• [WORK REQUEST]: Return exactly the lines from the start of the records below through the line containing "For Samsung A16", both ends included, and leave out the pictures.

--- GIVEN RECORDS ---

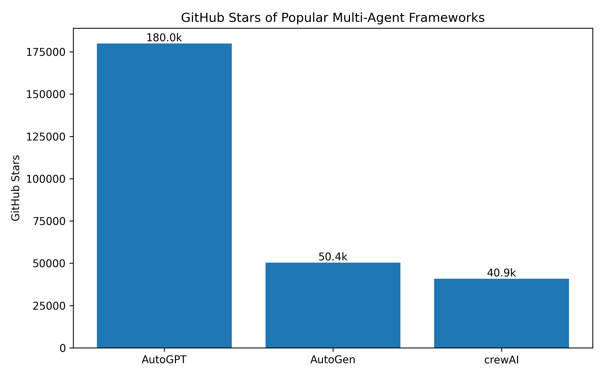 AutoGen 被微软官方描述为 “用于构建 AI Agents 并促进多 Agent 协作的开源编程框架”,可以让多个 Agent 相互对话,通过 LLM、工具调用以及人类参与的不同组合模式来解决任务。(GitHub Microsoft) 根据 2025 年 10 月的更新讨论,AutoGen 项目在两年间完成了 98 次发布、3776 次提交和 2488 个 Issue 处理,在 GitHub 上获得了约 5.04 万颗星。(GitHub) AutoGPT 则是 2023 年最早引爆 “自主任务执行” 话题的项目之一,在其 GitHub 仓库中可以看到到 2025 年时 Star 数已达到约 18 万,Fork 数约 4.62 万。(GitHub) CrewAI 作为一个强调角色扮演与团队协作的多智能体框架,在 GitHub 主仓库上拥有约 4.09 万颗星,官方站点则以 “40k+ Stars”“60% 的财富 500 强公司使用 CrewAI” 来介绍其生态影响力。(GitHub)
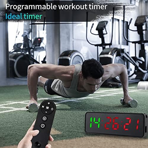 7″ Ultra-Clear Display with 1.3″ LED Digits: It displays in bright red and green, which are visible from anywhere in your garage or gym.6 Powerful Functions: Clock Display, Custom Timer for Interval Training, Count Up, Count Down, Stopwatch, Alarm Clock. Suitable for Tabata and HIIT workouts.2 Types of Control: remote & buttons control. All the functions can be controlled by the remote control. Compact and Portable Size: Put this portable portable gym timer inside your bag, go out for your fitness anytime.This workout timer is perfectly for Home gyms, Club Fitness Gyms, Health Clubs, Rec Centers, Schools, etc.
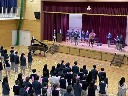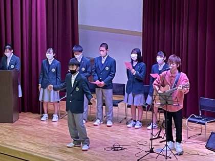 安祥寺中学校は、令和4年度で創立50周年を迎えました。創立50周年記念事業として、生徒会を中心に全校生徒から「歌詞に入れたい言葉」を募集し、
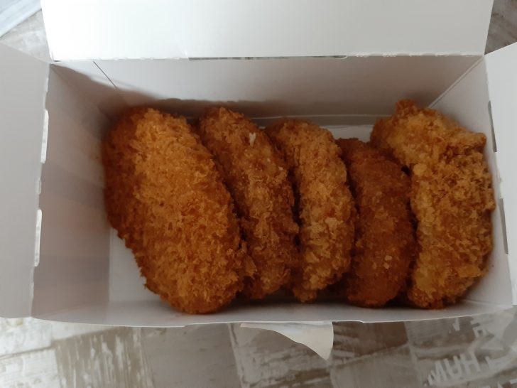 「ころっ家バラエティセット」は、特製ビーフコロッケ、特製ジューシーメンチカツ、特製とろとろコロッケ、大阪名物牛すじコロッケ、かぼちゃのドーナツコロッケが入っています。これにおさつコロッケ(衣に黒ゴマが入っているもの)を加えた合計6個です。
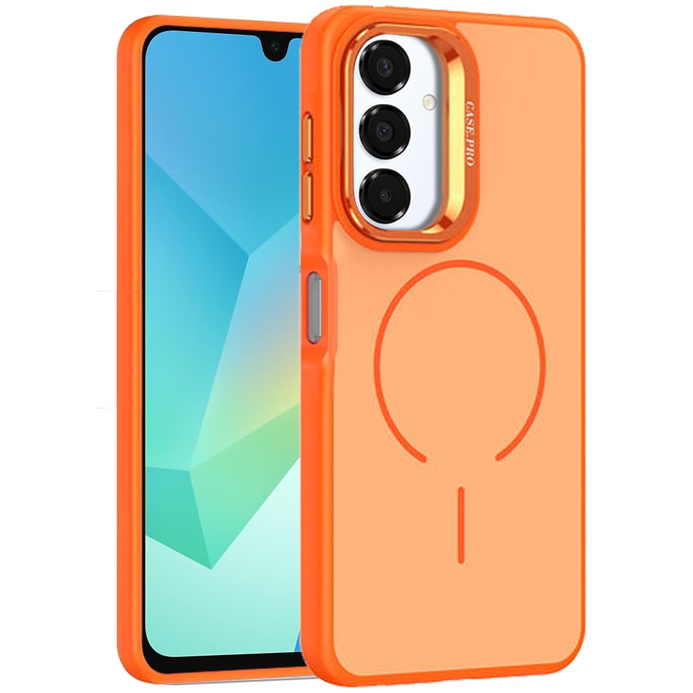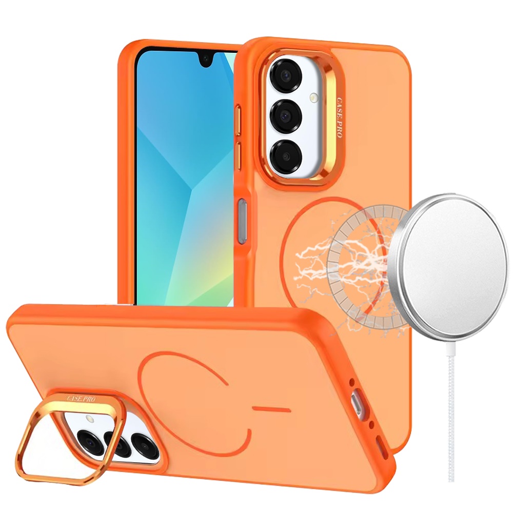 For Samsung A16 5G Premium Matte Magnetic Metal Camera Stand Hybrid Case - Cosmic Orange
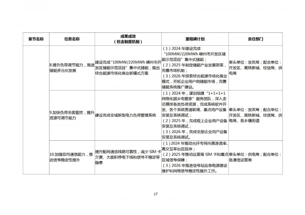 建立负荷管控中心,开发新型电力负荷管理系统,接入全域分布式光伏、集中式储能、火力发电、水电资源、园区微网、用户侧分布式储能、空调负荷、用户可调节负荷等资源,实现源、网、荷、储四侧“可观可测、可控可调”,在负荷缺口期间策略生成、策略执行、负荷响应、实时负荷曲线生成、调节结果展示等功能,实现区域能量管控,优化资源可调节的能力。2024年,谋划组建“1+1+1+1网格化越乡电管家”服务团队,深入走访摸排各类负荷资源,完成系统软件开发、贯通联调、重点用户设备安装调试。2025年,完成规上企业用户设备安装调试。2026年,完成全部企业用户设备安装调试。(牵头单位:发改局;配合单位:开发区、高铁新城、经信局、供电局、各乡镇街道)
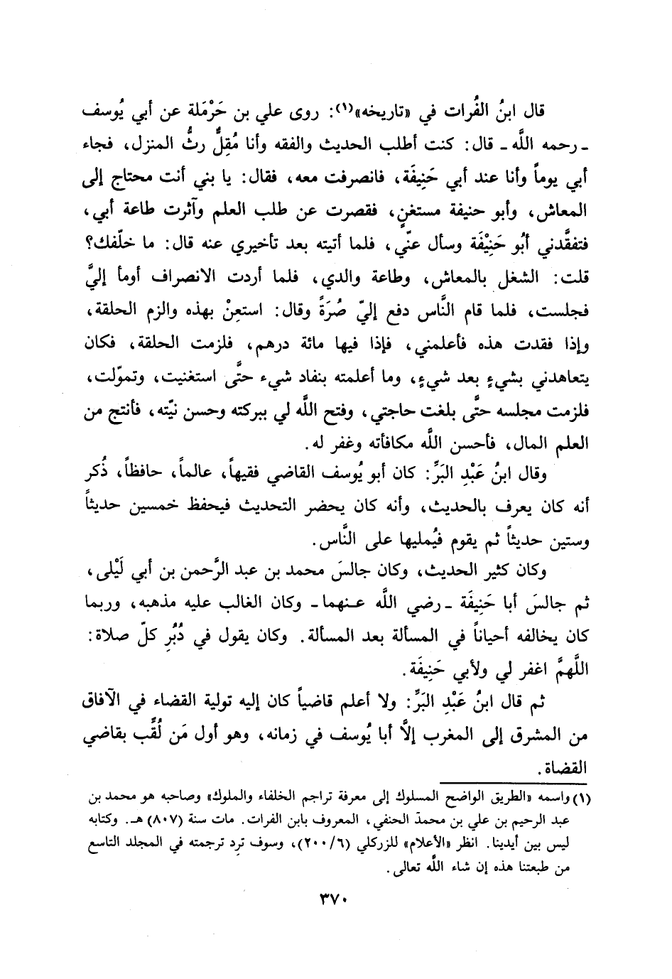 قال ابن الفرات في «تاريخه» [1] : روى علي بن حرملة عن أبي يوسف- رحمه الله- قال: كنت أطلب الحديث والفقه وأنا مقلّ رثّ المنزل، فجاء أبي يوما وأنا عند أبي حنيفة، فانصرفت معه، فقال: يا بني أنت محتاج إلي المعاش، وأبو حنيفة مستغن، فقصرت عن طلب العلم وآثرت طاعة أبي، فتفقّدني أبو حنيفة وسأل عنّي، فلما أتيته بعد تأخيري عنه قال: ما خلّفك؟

---

• [RESULT OF THE TASK]:
 AutoGen 被微软官方描述为 “用于构建 AI Agents 并促进多 Agent 协作的开源编程框架”,可以让多个 Agent 相互对话,通过 LLM、工具调用以及人类参与的不同组合模式来解决任务。(GitHub Microsoft) 根据 2025 年 10 月的更新讨论,AutoGen 项目在两年间完成了 98 次发布、3776 次提交和 2488 个 Issue 处理,在 GitHub 上获得了约 5.04 万颗星。(GitHub) AutoGPT 则是 2023 年最早引爆 “自主任务执行” 话题的项目之一,在其 GitHub 仓库中可以看到到 2025 年时 Star 数已达到约 18 万,Fork 数约 4.62 万。(GitHub) CrewAI 作为一个强调角色扮演与团队协作的多智能体框架,在 GitHub 主仓库上拥有约 4.09 万颗星,官方站点则以 “40k+ Stars”“60% 的财富 500 强公司使用 CrewAI” 来介绍其生态影响力。(GitHub)
 7″ Ultra-Clear Display with 1.3″ LED Digits: It displays in bright red and green, which are visible from anywhere in your garage or gym.6 Powerful Functions: Clock Display, Custom Timer for Interval Training, Count Up, Count Down, Stopwatch, Alarm Clock. Suitable for Tabata and HIIT workouts.2 Types of Control: remote & buttons control. All the functions can be controlled by the remote control. Compact and Portable Size: Put this portable portable gym timer inside your bag, go out for your fitness anytime.This workout timer is perfectly for Home gyms, Club Fitness Gyms, Health Clubs, Rec Centers, Schools, etc.
 安祥寺中学校は、令和4年度で創立50周年を迎えました。創立50周年記念事業として、生徒会を中心に全校生徒から「歌詞に入れたい言葉」を募集し、
 「ころっ家バラエティセット」は、特製ビーフコロッケ、特製ジューシーメンチカツ、特製とろとろコロッケ、大阪名物牛すじコロッケ、かぼちゃのドーナツコロッケが入っています。これにおさつコロッケ(衣に黒ゴマが入っているもの)を加えた合計6個です。
 For Samsung A16 5G Premium Matte Magnetic Metal Camera Stand Hybrid Case - Cosmic Orange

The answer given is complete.